--- Given material ---

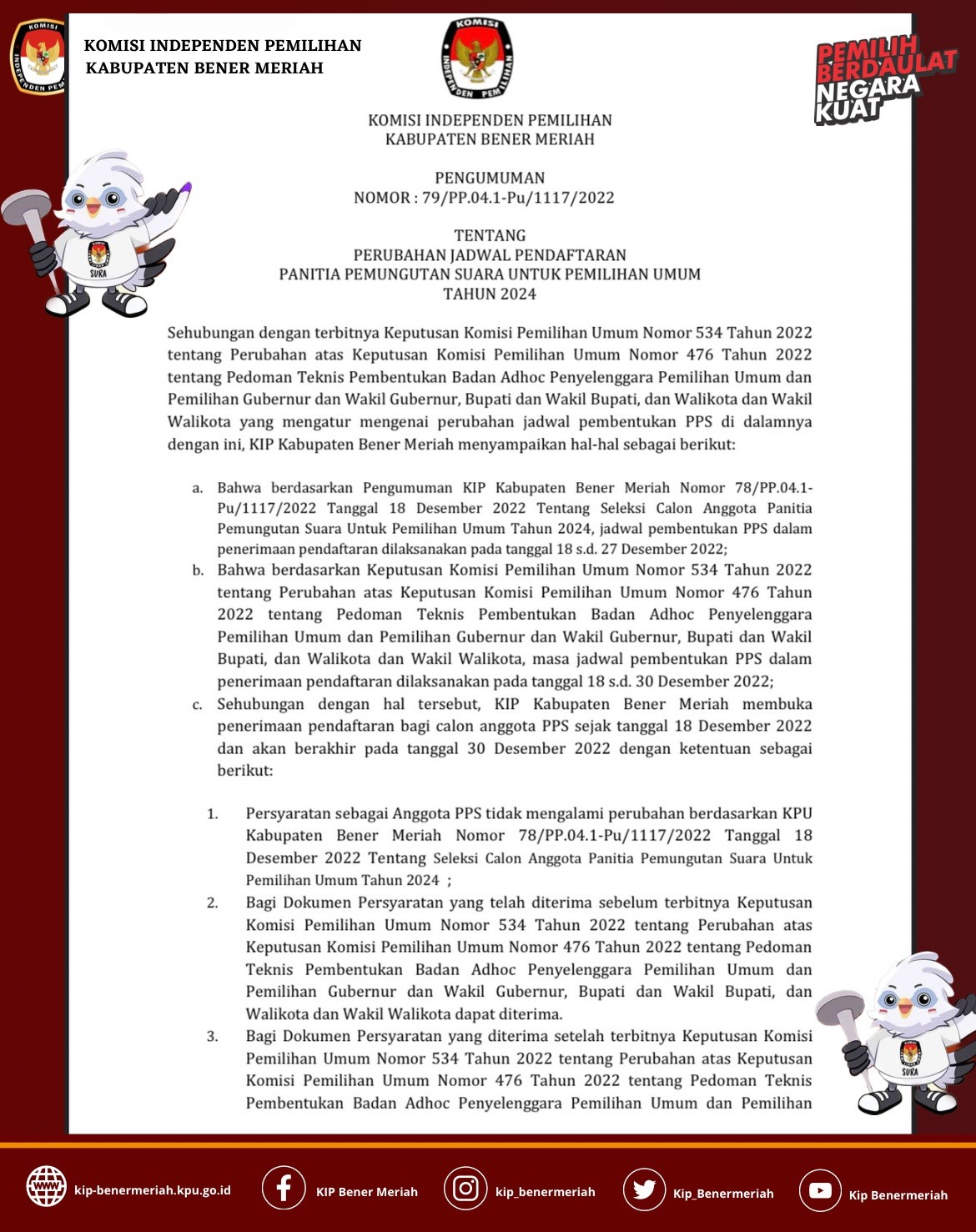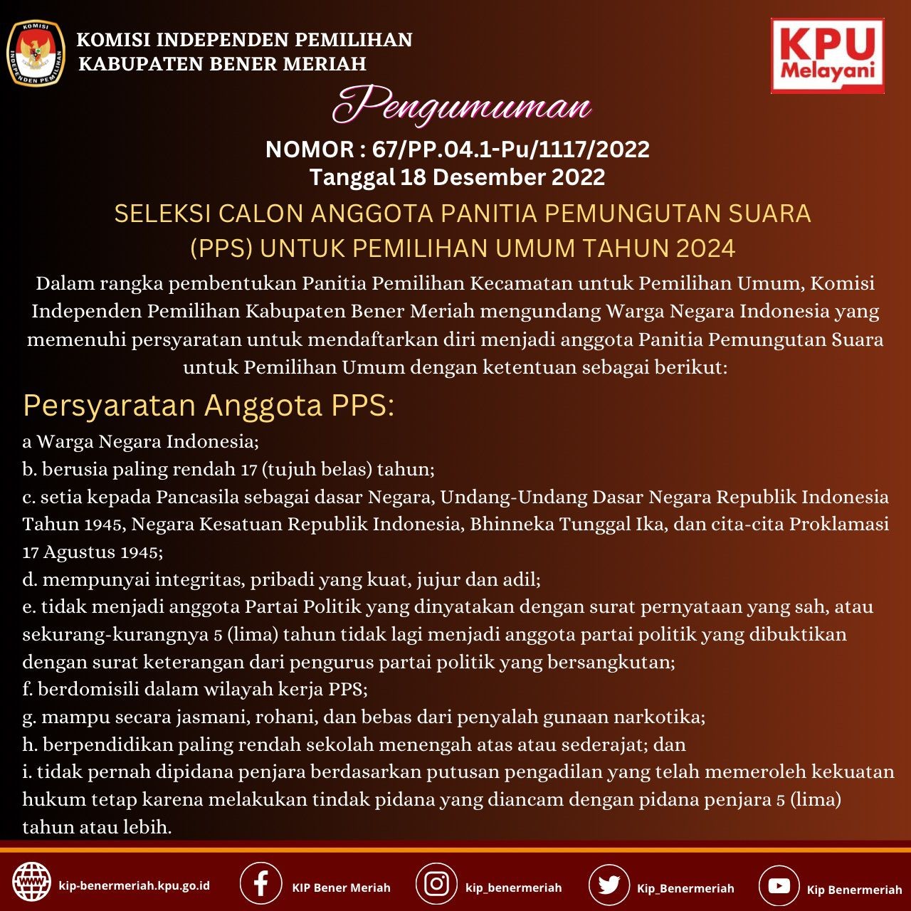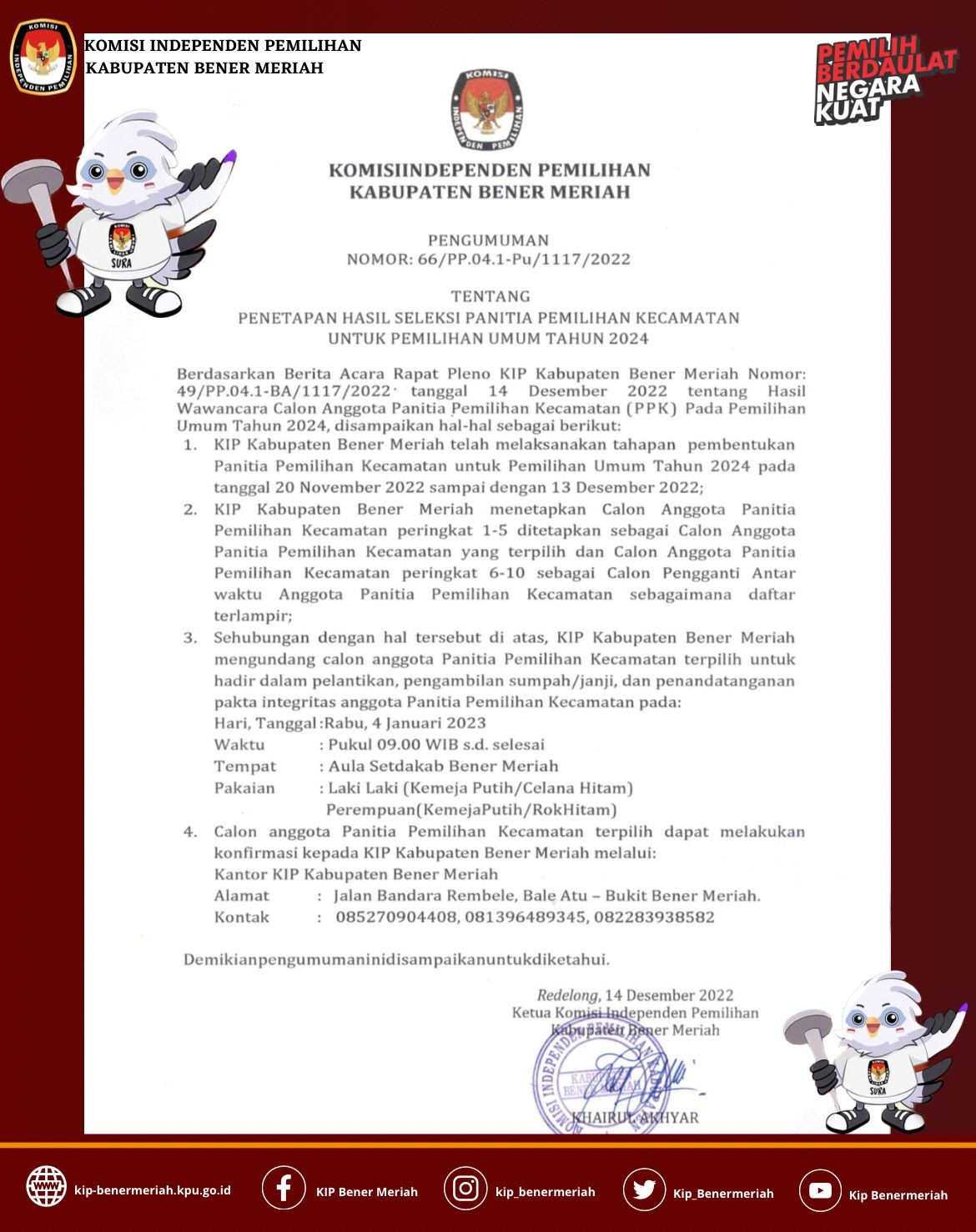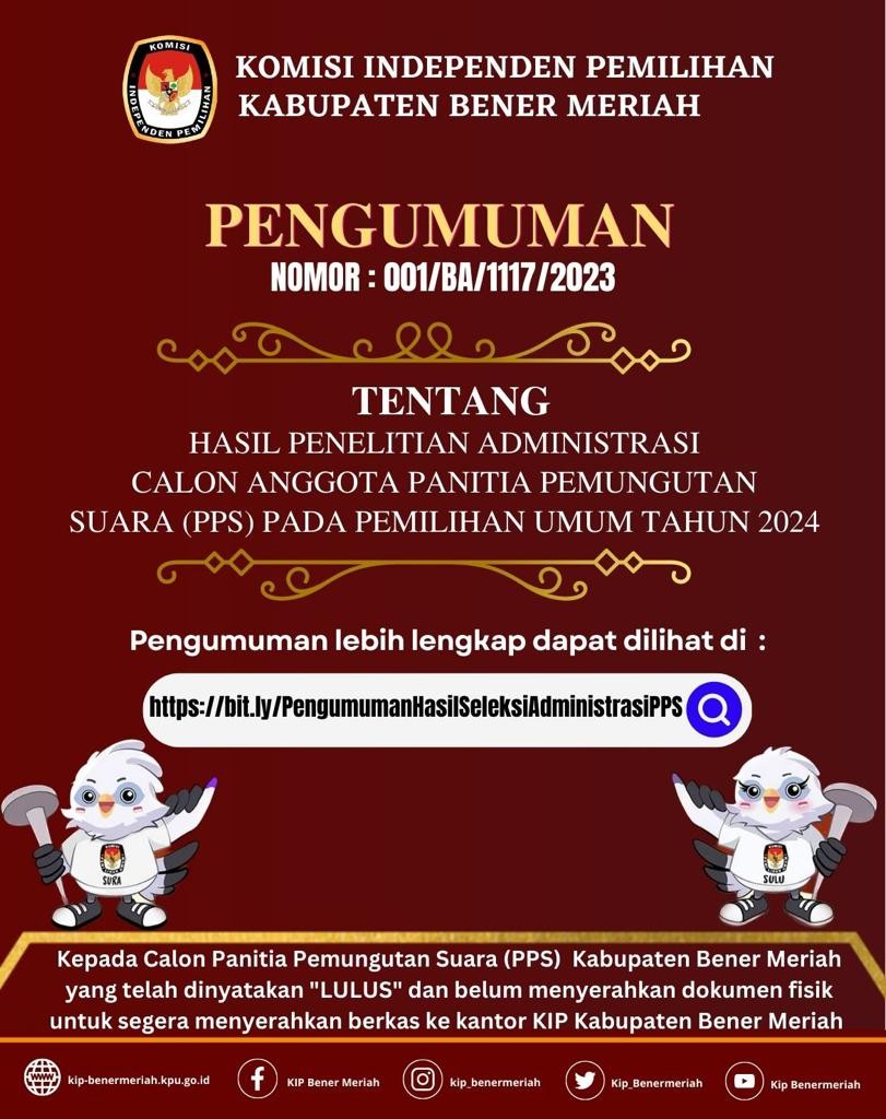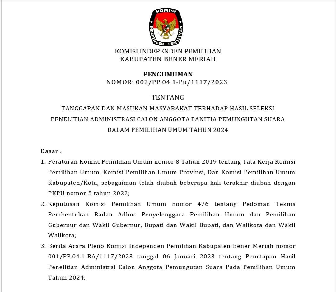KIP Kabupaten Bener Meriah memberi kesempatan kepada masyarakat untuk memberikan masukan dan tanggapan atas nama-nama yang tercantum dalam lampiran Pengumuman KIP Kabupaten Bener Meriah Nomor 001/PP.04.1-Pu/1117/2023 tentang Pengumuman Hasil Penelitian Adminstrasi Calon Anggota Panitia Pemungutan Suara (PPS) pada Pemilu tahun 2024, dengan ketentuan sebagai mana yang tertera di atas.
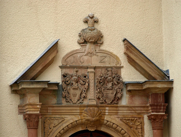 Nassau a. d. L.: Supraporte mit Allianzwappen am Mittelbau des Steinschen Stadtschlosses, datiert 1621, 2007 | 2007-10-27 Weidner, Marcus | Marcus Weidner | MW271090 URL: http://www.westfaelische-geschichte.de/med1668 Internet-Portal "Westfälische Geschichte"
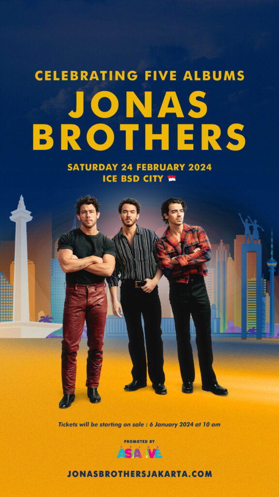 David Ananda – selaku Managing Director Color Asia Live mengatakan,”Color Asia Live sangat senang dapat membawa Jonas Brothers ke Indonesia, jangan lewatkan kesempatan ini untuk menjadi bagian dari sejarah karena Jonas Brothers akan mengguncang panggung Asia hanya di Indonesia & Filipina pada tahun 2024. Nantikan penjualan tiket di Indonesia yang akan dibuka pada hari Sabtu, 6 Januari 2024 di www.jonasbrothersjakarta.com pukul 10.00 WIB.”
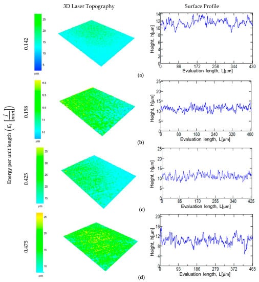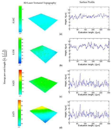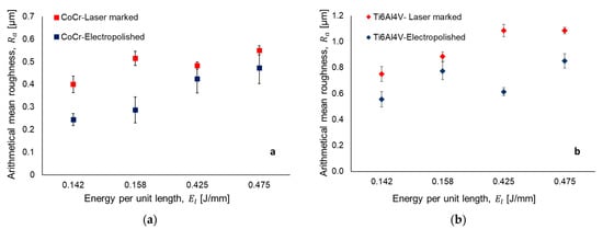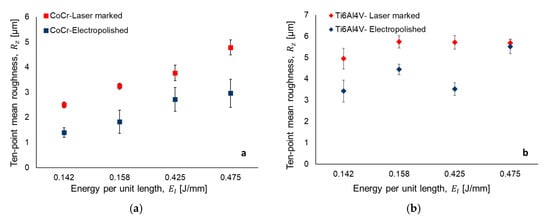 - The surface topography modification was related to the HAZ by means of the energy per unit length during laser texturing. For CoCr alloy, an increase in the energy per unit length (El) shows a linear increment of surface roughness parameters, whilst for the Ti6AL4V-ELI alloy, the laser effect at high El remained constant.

---

- **Task item**
The copy must match the listing above exactly but contain no pictures.

- **Finished exercise**
KIP Kabupaten Bener Meriah memberi kesempatan kepada masyarakat untuk memberikan masukan dan tanggapan atas nama-nama yang tercantum dalam lampiran Pengumuman KIP Kabupaten Bener Meriah Nomor 001/PP.04.1-Pu/1117/2023 tentang Pengumuman Hasil Penelitian Adminstrasi Calon Anggota Panitia Pemungutan Suara (PPS) pada Pemilu tahun 2024, dengan ketentuan sebagai mana yang tertera di atas.
 Nassau a. d. L.: Supraporte mit Allianzwappen am Mittelbau des Steinschen Stadtschlosses, datiert 1621, 2007 | 2007-10-27 Weidner, Marcus | Marcus Weidner | MW271090 URL: http://www.westfaelische-geschichte.de/med1668 Internet-Portal "Westfälische Geschichte"
 David Ananda – selaku Managing Director Color Asia Live mengatakan,”Color Asia Live sangat senang dapat membawa Jonas Brothers ke Indonesia, jangan lewatkan kesempatan ini untuk menjadi bagian dari sejarah karena Jonas Brothers akan mengguncang panggung Asia hanya di Indonesia & Filipina pada tahun 2024. Nantikan penjualan tiket di Indonesia yang akan dibuka pada hari Sabtu, 6 Januari 2024 di www.jonasbrothersjakarta.com pukul 10.00 WIB.”
 - The surface topography modification was related to the HAZ by means of the energy per unit length during laser texturing. For CoCr alloy, an increase in the energy per unit length (El) shows a linear increment of surface roughness parameters, whilst for the Ti6AL4V-ELI alloy, the laser effect at high El remained constant.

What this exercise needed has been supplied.